By Lt. Col. Gordon Helm

On August 28, cadets and senior members of Deer Valley Composite Squadron 302 conducted a joint cadet Field Training Exercise and a realistic simulation for Emergency Services air crew training. Included in the training was a visual search to locate a simulated downed aircraft by ground search and utilizing small Unmanned Aerial Systems to localize the target for the searchers. To help in coordinating the search was the first field use of a mobile CAPLink radio system for air/ground/sUAS communications.

1st Lts. Mike Ricker and Frank Arvizu planned and conducted the FTX. They coordinated the OpEx with Capt. Steve Barnes of emergency services and Capt. Brian Tucek who leads the Arizona Wing’s sUAS program. Maj. Chris Dusard, who developed the CAPLink system, trained the members on its setup in the field. Maj. Ruben Kafenbaum coordinated the radios, as the communications unit leader. Ricker coordinated the setup of the simulated crash site and the 121.775 MHz beacon Emergency Locator Transmitter.

Cadet Chief Master Sgt. Caleb Miller was the noncommissioned officer in charge of the cadets. “Cadet Miller’s performance was excellent in his first large-scale FTX,” Ricker said.

With late August weather in central Arizona, the FTX/OpEx was planned to get started very early to beat the expected triple-digit heat. Cadets and senior members bunked in the Deer Valley Squadron building the night before, eating pizza and watching a movie before sleep. At 4:30 a.m., they were on their way, heading north on Interstate 17 toward the planned FTX area near Camp Verde.

What they didn’t expect on their way to the training search area was coming upon an accident that had just happened.

As the three-vehicle convoy reached the top of the Mogollon Rim, near Sunset Point, they came upon a two-vehicle accident that had happened just seconds before – the dust was still settling. Squadron members immediately stopped to render aid in the pre-dawn darkness.
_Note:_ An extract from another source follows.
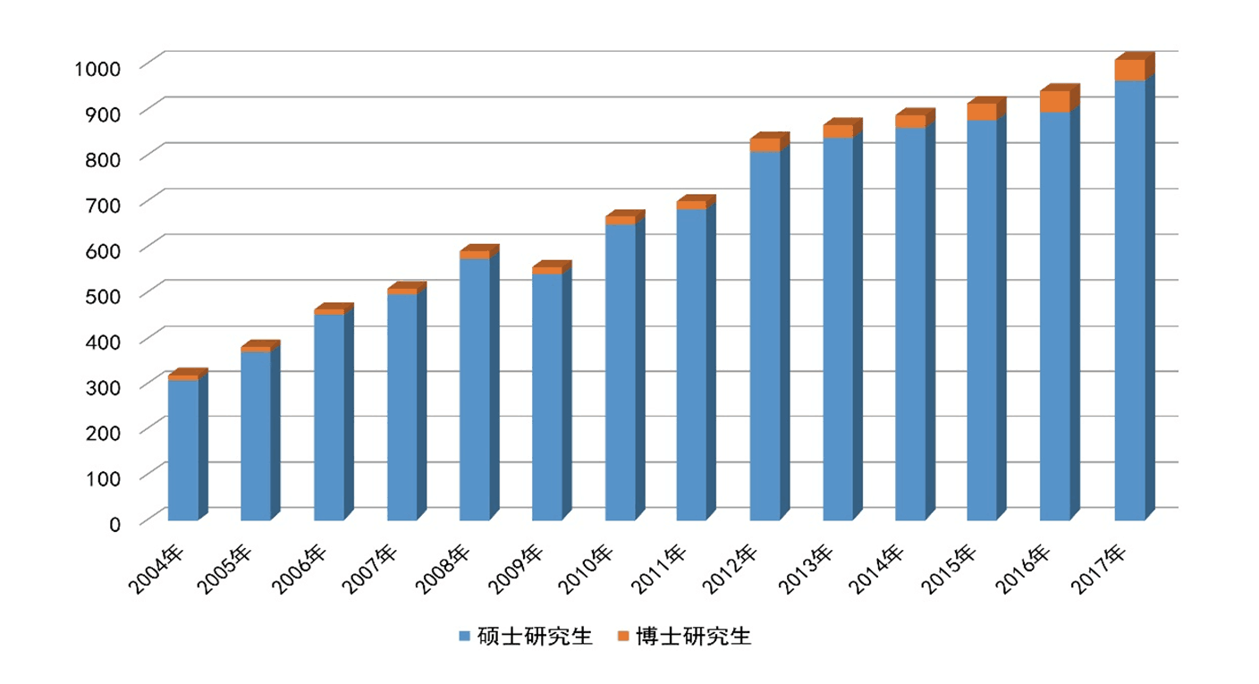 研究生招生規(guī)模不斷擴大,自2004年開始博士研究生招生以來,研究生招生數(shù)量增長超過三倍,2017年碩士研究生招生達到932人,博士研究生招生52人,目前各類在校全日制研究生2821名;同時,形成了“本碩博”一體化的創(chuàng)新型人才選拔機制,通過實施碩士研究生“優(yōu)秀生源計劃”、推免生“4+2”學制,博士研究生“碩博連讀”和“申請-考核”制,2017年推免生和碩士研究生本校生源率分別達到97.45%和53.04%,全日制非定向博士研究生比例連年增長,生源質(zhì)量顯著提高。
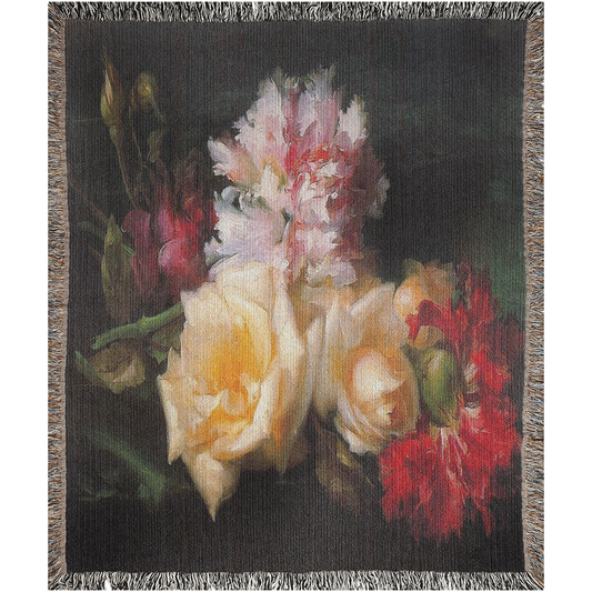 100% cotton Vintage Floral design woven blanket, 50 x 60 or 60 x 80in, Design 25

“Lts. Arvizu and Patrick Sliney deserve special recognition for both securing the safety of our cadets and then assessing the injuries of the three people at the accident scene,” said Ricker. “One of the vehicles was still partially on the roadway, and Lt. Arvizu directed traffic around the scene until the Yavapai County Sheriff’s deputy arrived.”

At one point, the three senior members needed extra help for a less seriously injured victim. “We called upon the cadets to provide assistance and they performed as we all hope for … with excellence,” Ricker said.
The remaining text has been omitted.